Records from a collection
····················

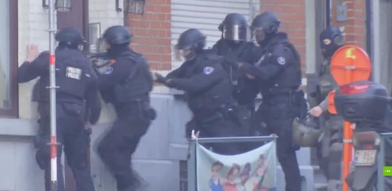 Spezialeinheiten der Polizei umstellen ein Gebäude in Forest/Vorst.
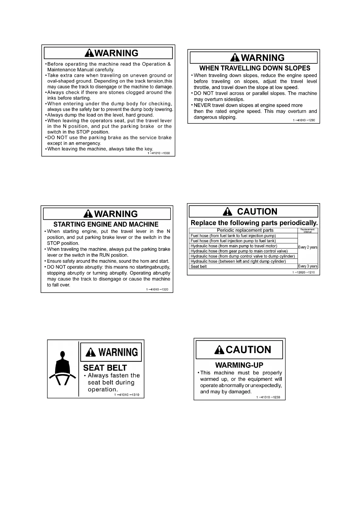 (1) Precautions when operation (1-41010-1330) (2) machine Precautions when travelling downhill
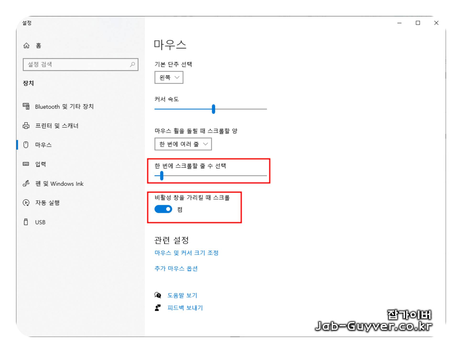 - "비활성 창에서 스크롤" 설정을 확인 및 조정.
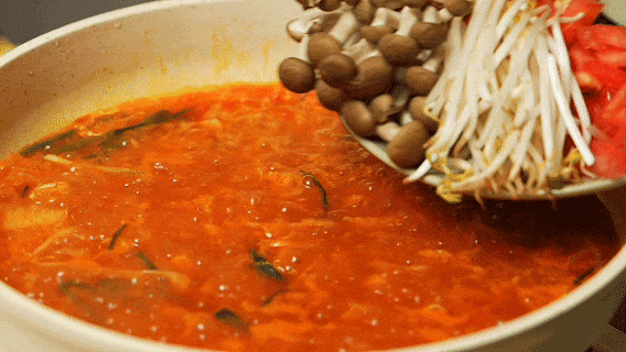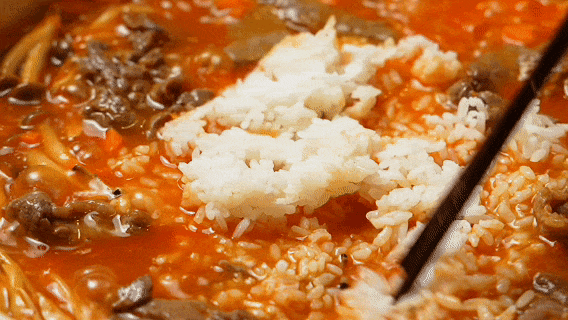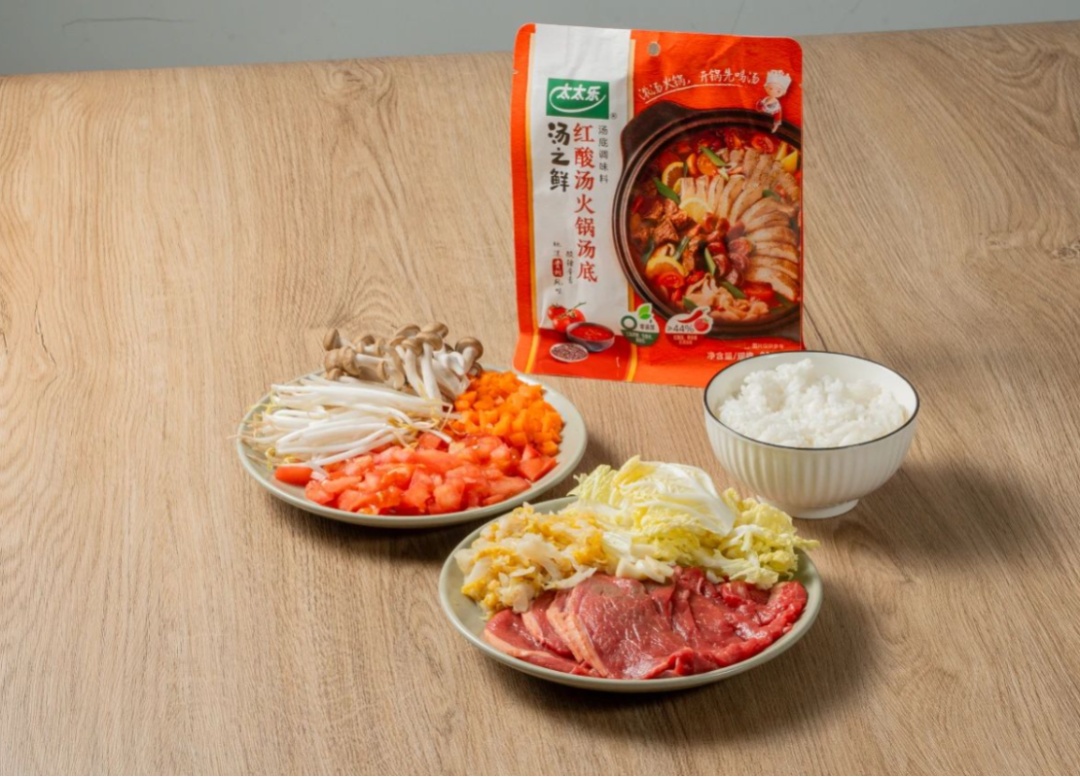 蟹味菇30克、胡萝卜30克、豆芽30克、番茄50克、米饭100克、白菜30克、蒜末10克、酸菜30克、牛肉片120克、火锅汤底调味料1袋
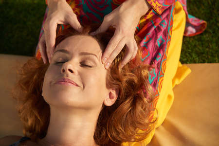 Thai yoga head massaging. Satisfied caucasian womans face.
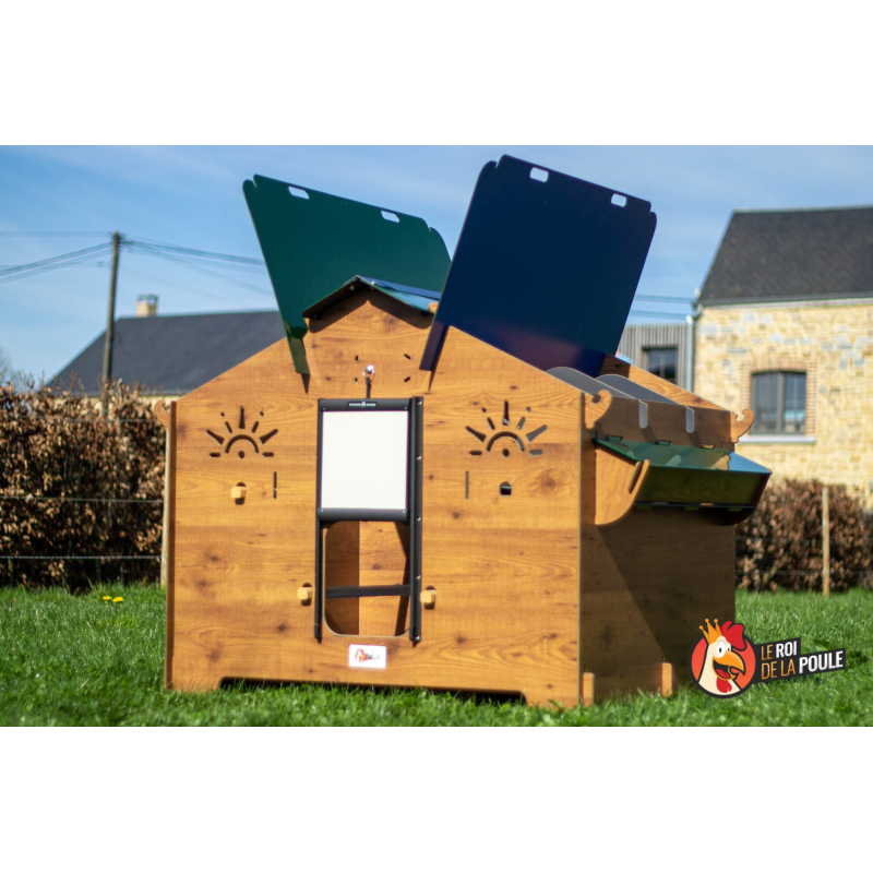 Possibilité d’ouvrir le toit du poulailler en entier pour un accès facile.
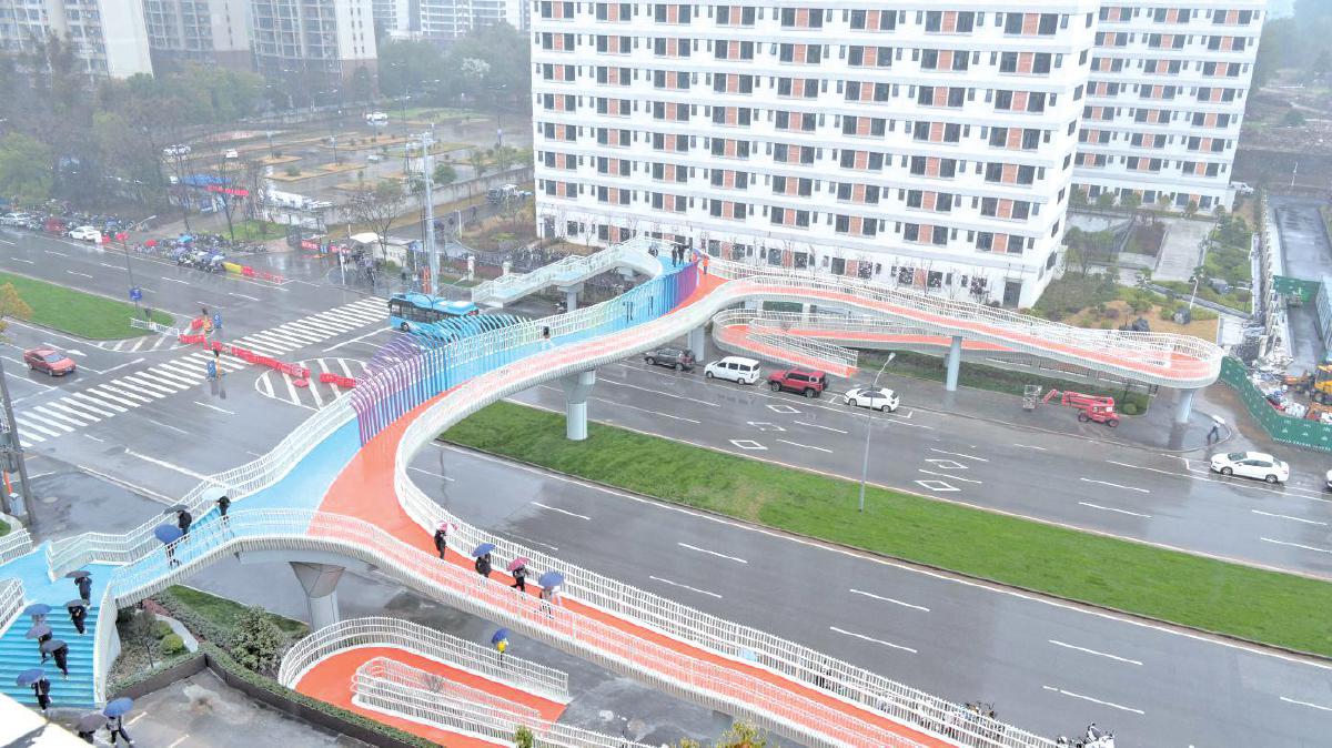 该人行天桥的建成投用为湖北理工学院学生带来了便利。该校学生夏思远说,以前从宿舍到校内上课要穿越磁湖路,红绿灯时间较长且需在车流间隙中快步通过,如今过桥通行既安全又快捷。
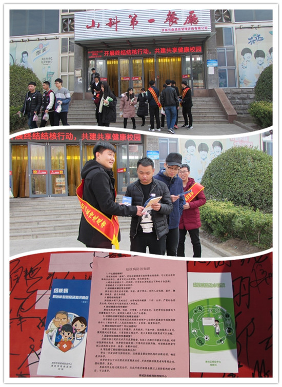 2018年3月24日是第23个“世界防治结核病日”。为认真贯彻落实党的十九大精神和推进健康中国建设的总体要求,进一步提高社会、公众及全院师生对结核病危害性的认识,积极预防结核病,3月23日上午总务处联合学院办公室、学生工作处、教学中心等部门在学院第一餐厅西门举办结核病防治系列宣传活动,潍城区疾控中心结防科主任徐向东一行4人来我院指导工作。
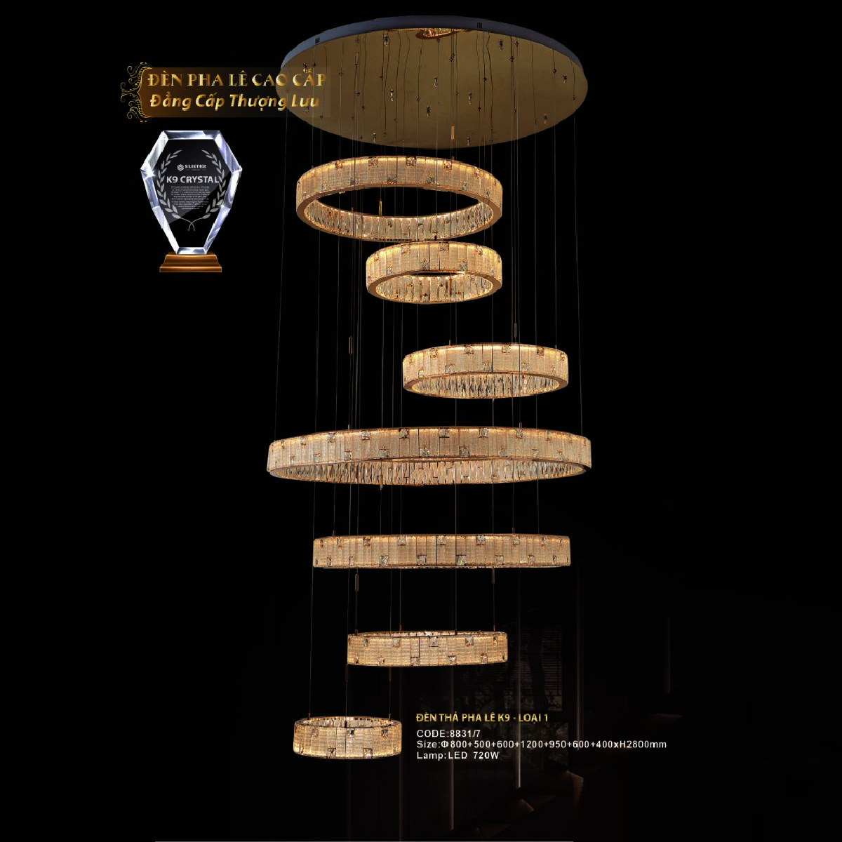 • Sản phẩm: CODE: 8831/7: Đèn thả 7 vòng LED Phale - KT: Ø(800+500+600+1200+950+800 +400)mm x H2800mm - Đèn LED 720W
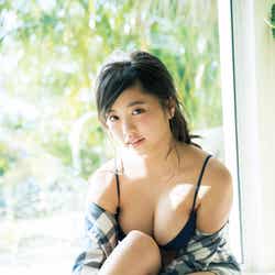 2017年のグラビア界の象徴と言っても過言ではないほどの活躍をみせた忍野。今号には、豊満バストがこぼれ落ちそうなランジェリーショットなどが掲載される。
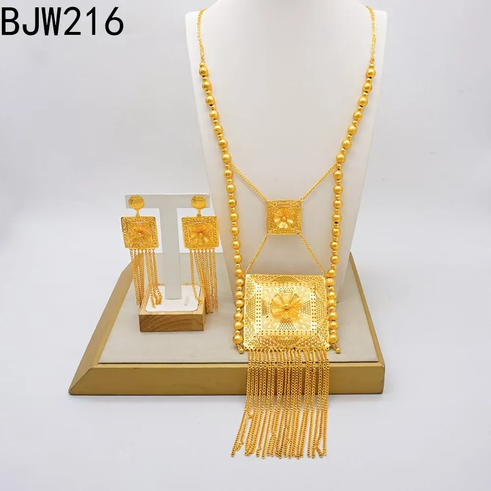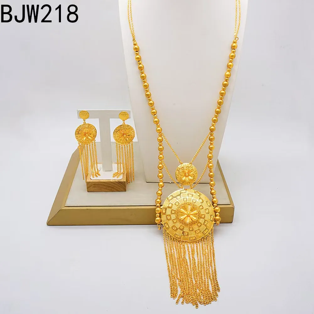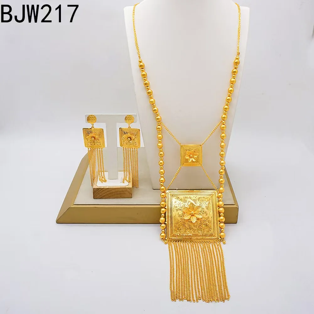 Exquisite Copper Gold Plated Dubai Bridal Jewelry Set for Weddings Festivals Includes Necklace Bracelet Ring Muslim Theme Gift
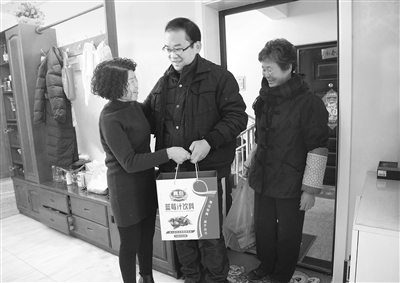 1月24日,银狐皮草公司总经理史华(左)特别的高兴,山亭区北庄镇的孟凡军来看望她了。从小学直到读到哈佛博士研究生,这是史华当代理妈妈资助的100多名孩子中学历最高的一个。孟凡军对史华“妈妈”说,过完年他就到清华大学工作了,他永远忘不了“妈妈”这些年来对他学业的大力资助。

····················

Word for word, restate the lines above from the first through the one that contains "2018年3月24日是第23", and exclude all pictures.

> _ANSWER BOX_
 Spezialeinheiten der Polizei umstellen ein Gebäude in Forest/Vorst.
 (1) Precautions when operation (1-41010-1330) (2) machine Precautions when travelling downhill
 - "비활성 창에서 스크롤" 설정을 확인 및 조정.
 蟹味菇30克、胡萝卜30克、豆芽30克、番茄50克、米饭100克、白菜30克、蒜末10克、酸菜30克、牛肉片120克、火锅汤底调味料1袋
 Thai yoga head massaging. Satisfied caucasian womans face.
 Possibilité d’ouvrir le toit du poulailler en entier pour un accès facile.
 该人行天桥的建成投用为湖北理工学院学生带来了便利。该校学生夏思远说,以前从宿舍到校内上课要穿越磁湖路,红绿灯时间较长且需在车流间隙中快步通过,如今过桥通行既安全又快捷。
 2018年3月24日是第23个“世界防治结核病日”。为认真贯彻落实党的十九大精神和推进健康中国建设的总体要求,进一步提高社会、公众及全院师生对结核病危害性的认识,积极预防结核病,3月23日上午总务处联合学院办公室、学生工作处、教学中心等部门在学院第一餐厅西门举办结核病防治系列宣传活动,潍城区疾控中心结防科主任徐向东一行4人来我院指导工作。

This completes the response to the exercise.